EXERCISE: Please give the lines below again exactly as they stand, from the one that contains "Theatre power tools" up to and including the one that contains "El primero de", leaving all pictures out.

THE DATA:

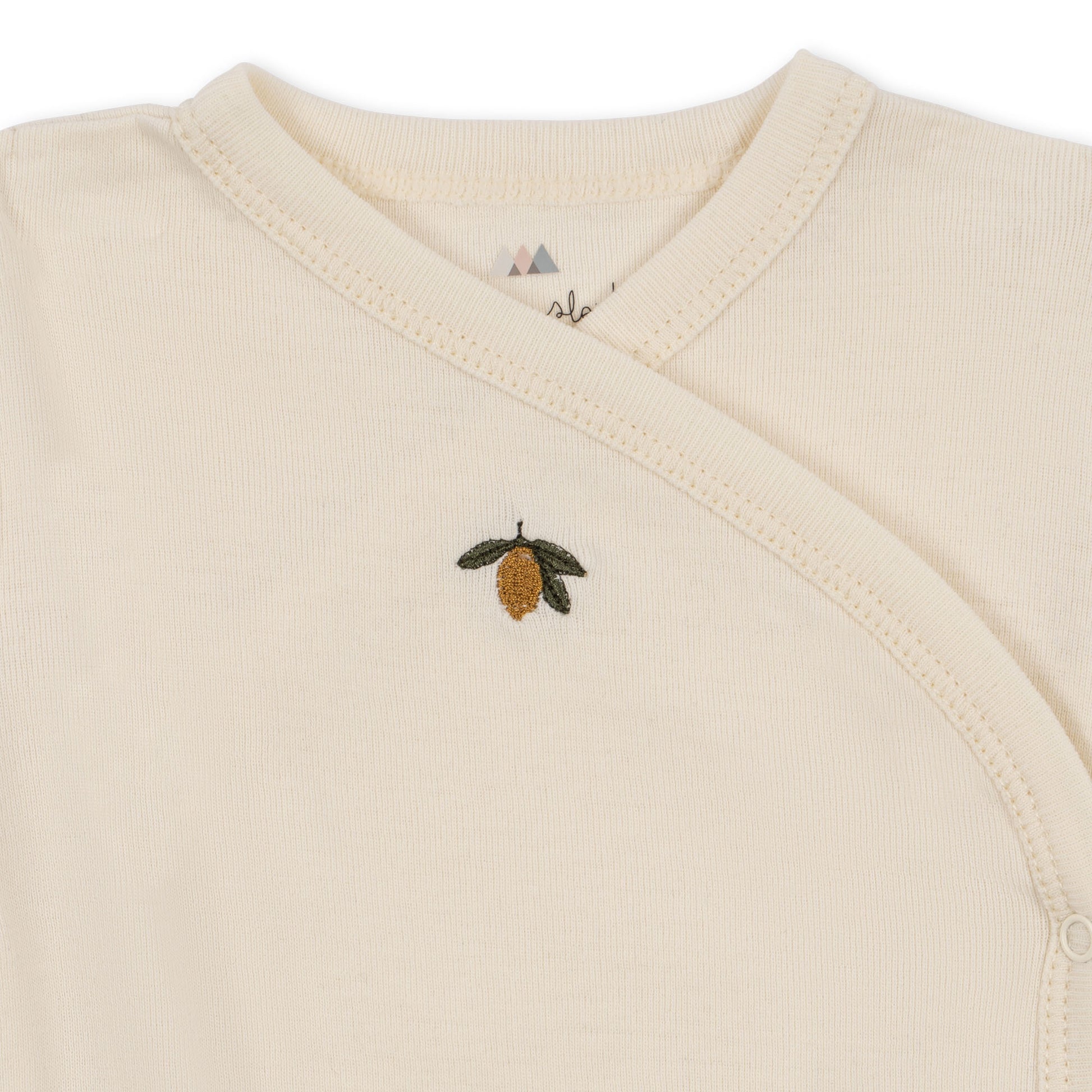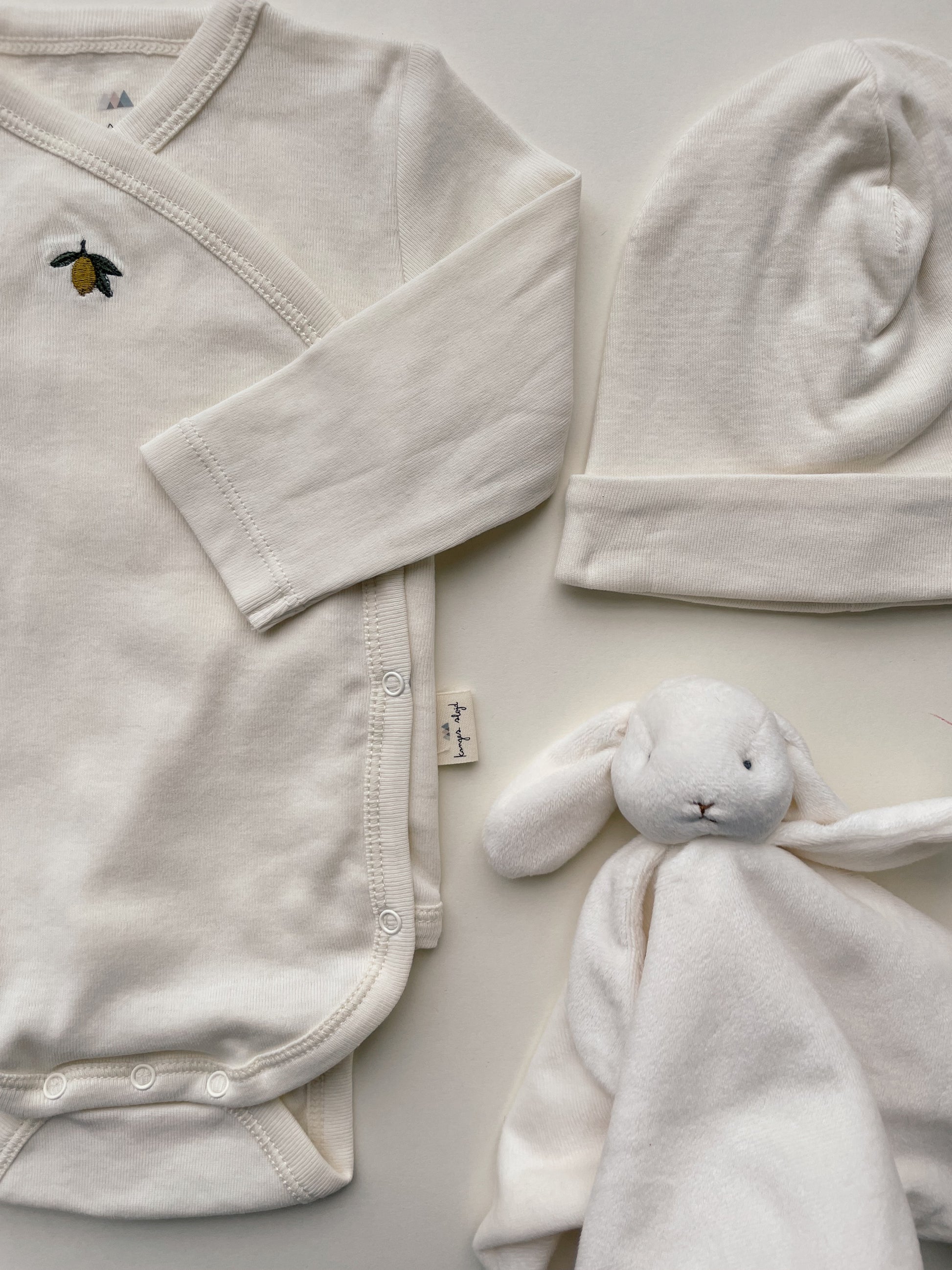 A beautiful newborn maternity set by Konges Slojd, presented in a pretty off-white gift box. The set includes a soft cuddle comforter toy, a bonnet and a bodysuit with lemon embroidery detail.
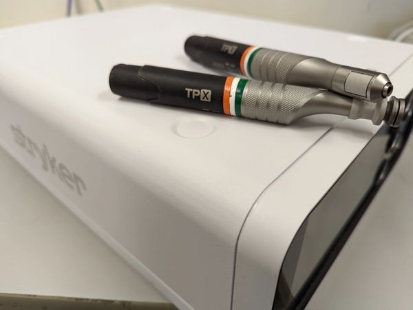 Theatre power tools including K-wire drivers, drills, burrs and sagittal saws are provided by Stryker.
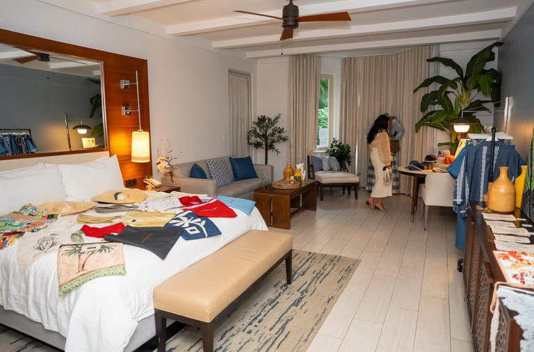 El primero de estos eventos, “Atelier in a Suite”, fue una experiencia única celebrada en Casa del Mar, una majestuosa villa de dos pisos frente al mar, ubicada a pasos de la playa de Isla Verde. Este exclusivo espacio cuenta con una terraza privada al aire libre, jacuzzi, sala, dos bares y cocina, creando el escenario perfecto para un encuentro íntimo y sofisticado. José Luis Maldonado, de Expresión Creativa, colaboró en la decoración de la suite. Los invitados disfrutaron de música, hors d'oeuvres y cócteles auspiciados por Grey Goose y Bombay Sapphire, además de acceso exclusivo para adquirir piezas únicas de moda, arte y joyería del diseñador, Herman Nadal.
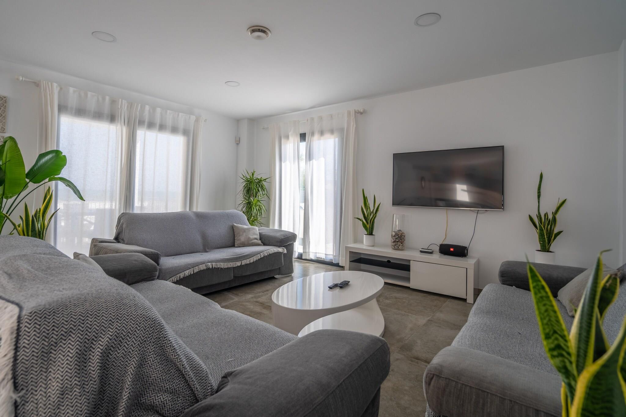 This stunning beachfront villa Son Serra Paradise, offers luxurious accommodations for up to 12 guests, with 6 stylish double bedrooms and 6 en suite bathrooms, perfect for a relaxing getaway. Each room is equipped with modern amenities, including air conditioning, satellite TV, and USB ports. The villa also features a PS4 and various games to keep everyone entertained, along with a gym and a table tennis area in the transformed underground garage. Baby cots and high chairs are available on request, making it a family-friendly choice. The property is located just 20 meters from the beach in the quiet coastal village of Son Serra de Marina. It’s an ideal destination for those seeking a peaceful escape while still being close to local cafes, restaurants, and charming markets. The beach is perfect for relaxing, swimming, or enjoying water sports, while the surrounding area offers beautiful views and a laid-back atmosphere. Explore the village's quaint streets, or venture out for a day of sightseeing in nearby towns and attractions. The villa is equipped with a modern, fully stocked kitchen featuring a microwave, oven, large fridge-freezer, and a kitchen island, providing everything you need for meal preparation. The open-plan living and dining areas are spacious and perfect for gatherings, with a central dining table and comfortable seating areas. Additionally, the villa includes a practical laundry area with a washing machine and dryer, and outdoor amenities such as a saltwater pool, a jacuzzi on the rooftop terrace, and a BBQ area to enhance your vacation experience. The rental license number is ETV/9671
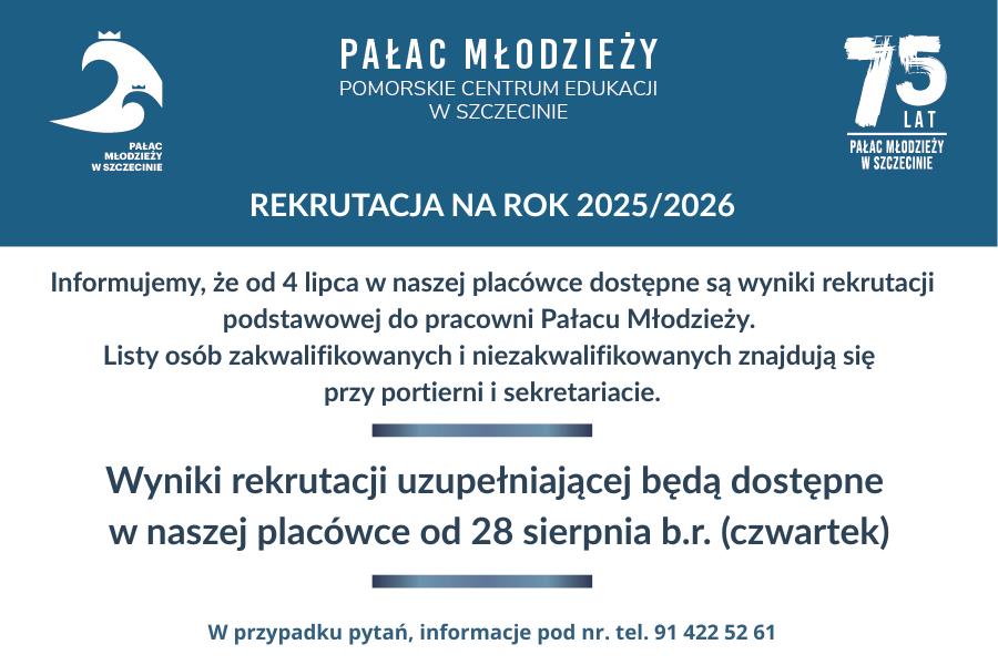 SzukajSzukaj KOMUNIKATY PLANY NA NOWY ROK SZKOLNY2025/2026 PRACOWNIE w roku szkolnym 2025/2026 NAUCZYCIELE NIEOBECNINauczyciele nieobecni, odwołane zajęcia NABÓR DO PRACOWNI rok szkolny 2025/2026 KONKURSYKonkursy, przeglądy, regulaminy oraz wyniki konkursów A TERAZ MYPrezentacje taneczne PÓŁKOLONIEletnie i zimowe LEŚNE SOBOTYWędrówki po Puszczy Wkrzańskiej i Puszczy Bukowej SOBOTA Z RPGGry fabularne PAŁACOWY UNIWERSYTET FANTASTYCZNYMini konwent WYCHOWANIE PRZEZ CZYTANIEProjekt realizowany od 2011 NAJNOWSZE WYDANIE MIESIĘCZNIKA „DIALOGI” NADCHODZĄCE WYDARZENIA gru 16 16 grudnia – 19 grudnia Czytanie III rozdziału Akademii Pana Kleksa oraz warsztaty Bożonarodzeniowe dla uczestników Pracowni Rozwoju Muzyczno-Ruchowego gru 16 16:30 – 20:30 Wigilia teatralna gru 20 09:00 – 14:00 1097 Leśna Sobota po Puszczy Bukowej sty 10 09:00 – 14:00 1098 Leśna Sobota po Puszczy Wkrzańskiej mar 29 Cały dzień XXII Prezentacje Taneczne „A teraz my” 2026 Zobacz kalendarz AKTUALNOŚCI Mikołajkowa 1096 Leśna Sobota |RELACJA 9 grudnia, 2025 o 14:41 Dary przekazane! 9 grudnia, 2025 o 12:34 Mikołajkowy weekend w Galerii Kaskada 9 grudnia, 2025 o 10:43 Pałacowe Mikołajki z Radiem Szczecin – relacja 9 grudnia, 2025 o 10:39 Wychowanie przez Czytanie | Tworzymy lalki 8 grudnia, 2025 o 10:31 Mikołajki już jutro! 5 grudnia, 2025 o 10:44 Dzień Misia 5 grudnia, 2025 o 9:59 PROJEKT EDUKACYJNY TURYSTYKA – REKREACJA – EKOLOGIA – moduł dwudziesty pierwszy – zakwalifikowane placówki 4 grudnia, 2025 o 9:31 Fantastyczne spotkanie z dreszczykiem 2 grudnia, 2025 o 15:07 1 2 3 … 599 ›

EXPECTED ANSWER:
 Theatre power tools including K-wire drivers, drills, burrs and sagittal saws are provided by Stryker.
 El primero de estos eventos, “Atelier in a Suite”, fue una experiencia única celebrada en Casa del Mar, una majestuosa villa de dos pisos frente al mar, ubicada a pasos de la playa de Isla Verde. Este exclusivo espacio cuenta con una terraza privada al aire libre, jacuzzi, sala, dos bares y cocina, creando el escenario perfecto para un encuentro íntimo y sofisticado. José Luis Maldonado, de Expresión Creativa, colaboró en la decoración de la suite. Los invitados disfrutaron de música, hors d'oeuvres y cócteles auspiciados por Grey Goose y Bombay Sapphire, además de acceso exclusivo para adquirir piezas únicas de moda, arte y joyería del diseñador, Herman Nadal.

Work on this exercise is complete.